Josephine Youssef a quitté sa ville d'Alep, en Syrie, en compagnie de sa famille, pour immigrer à Sherbrooke. Le 20 décembre 2014, malgré la sévérité hivernale qui cognait à la porte, la jeune femme a retrouvé la paix.

«Avant, la Syrie était très jolie, mais maintenant c'est terrible là-bas, il y a de la violence partout. Je ne pouvais pas aller à l'université, il n'y avait plus de travail pour mon père et pas assez d'argent pour vivre», raconte-t-elle. C'est à ce moment que sa tante, déjà installée à Sherbrooke, a amorcé leur processus d'immigration en compagnie de l'Église syriaque orthodoxe de Sherbrooke qui est derrière la venue par parrainage de la majorité des Syriens en sols sherbrookois.

Un parrainage sélectif

Georges Mourani est l'un des membres de l'église qui gère l'arrivée des Syriens à Sherbrooke. Il souligne que ce sont près de 75 demandes par jour qui leur sont acheminées, mais que le gouvernement canadien leur impose un quota maximal de 40 familles par année.
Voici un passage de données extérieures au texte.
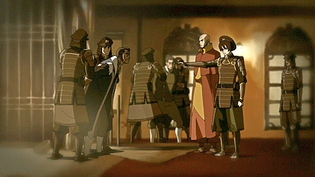 After landing outside Yu Dao, the team encountered a massive protesting crowd that included several members of the Freedom Fighters, who offered their services to the Avatar. To their disappointment, Aang explained his intention to talk to Zuko and flew with Katara over the walls on his glider. However, in the courtyard, several Fire Nation soldiers ordered Aang to leave and attacked, refusing to listen to the Avatar's attempts at peace. Aang sank their commander into earth while dodging the other troops, but one fireball set caused his clothing to catch fire, prompting Katara to intervene. She single-handedly defeated the remainder of the soldiers until she was halted by Zuko. Aang ordered the Fire Lord to let her go, and he responded by ordering the Avatar to leave. Using airbending, the Avatar separated the two, leading Zuko to retaliate. Aang entered the Avatar State, intent on fulfilling his promise, until Katara was able to calm him down. The Fire Lord advised that they talk, to which Aang agreed in comic frustration. Zuko led Aang and Katara on a tour of Yu Dao, explaining that the city had been heavily integrated for over a century, the firebenders and earthbenders having worked together to transform a small village into a world leader in metalworking, and also one of the great cities and that after seeing the townspeople living together peacefully, he could not separate them. Aang was adamant about restoring harmony to the four nations, but Zuko declined. Katara proposed hosting a meeting with Kuei, to which both the Avatar and the Fire Lord agreed.

«Des organismes nous ont contactés au cours des derniers jours pour nous aider à parrainer des familles de plus», indique-t-il.

Mais ces familles ne sont pas sélectionnées au hasard. Elles doivent d'abord être chrétiennes, «car les chrétiens sont persécutés dans cette région», mentionne M. Mourani, mais aussi afficher un profil d'employabilité qui satisfait les exigences de la société québécoise.

«Il faut comprendre que les Syriens qui arrivent ici ne sont pas issus de l'extrême pauvreté comme on peut voir à la télévision, explique-t-il. Ce sont des réfugiés qui fuient en raison de leur religion.»

Josephine et sa famille ont dû patienter un an et demi avant de finalement mettre les pieds en sol canadien. Après avoir fui Alep, ils se sont rendus à Beyrouth, la capitale du Liban, où les Syriens exilés sont nombreux à se réfugier. Il faut dire que la distance entre la capitale syrienne de Damas et Beyrouth est minime, soit 85 km, l'équivalent d'un trajet Sherbrooke-Granby.

«Nous sommes restés neuf mois au Liban parce qu'en Syrie, il n'y a plus d'ambassades, tout est fermé», explique-t-elle.

L'important afflux de Syriens dans cette région explique peut-être pourquoi les délais de traitement des demandes s'allongent de plus en plus pour les migrants réfugiés temporairement à Beyrouth.

«Le traitement de la demande au Québec et au Canada est rapide, deux ou trois mois dans certains cas, mentionne M. Mourani. C'est à l'ambassade à Beyrouth que ça prend du temps. On a des dossiers qui sont là depuis plus d'un an. On appelle, on envoie des courriels, mais on n'a aucune réponse. Les gens n'ont aucune idée de ce que c'est que de vivre là-bas. Un mois peut faire toute la différence.»

Aux gens qui s'inquiéteraient de l'intégration sociale de ces nouveaux arrivants, M. Mourani assure que tout est mis en place afin qu'aucune aide gouvernementale ne soit nécessaire pour les arrivants. Les familles des réfugiés et l'église s'occupent de louer le logement et de fournir de l'argent dès leur arrivée, en plus de gérer les différentes inscriptions pour l'école des enfants et les cours de francisation.

«On a déjà 15 personnes qui ont intégré le marché du travail en plus de tous les enfants qui vont à l'école et des parents qui apprennent le français», détaille-t-il.

L'une des belles réussites de cette intégration, c'est Joséphine. Moins d'un an après son arrivée au pays, elle s'exprime dans un français enviable et se montre reconnaissante envers sa terre d'accueil. «J'ai une amie en Syrie qui me dit qu'elle ne sait pas si elle va encore être en vie le lendemain, relate-t-elle. Je suis chanceuse, pour moi ça va bien maintenant.»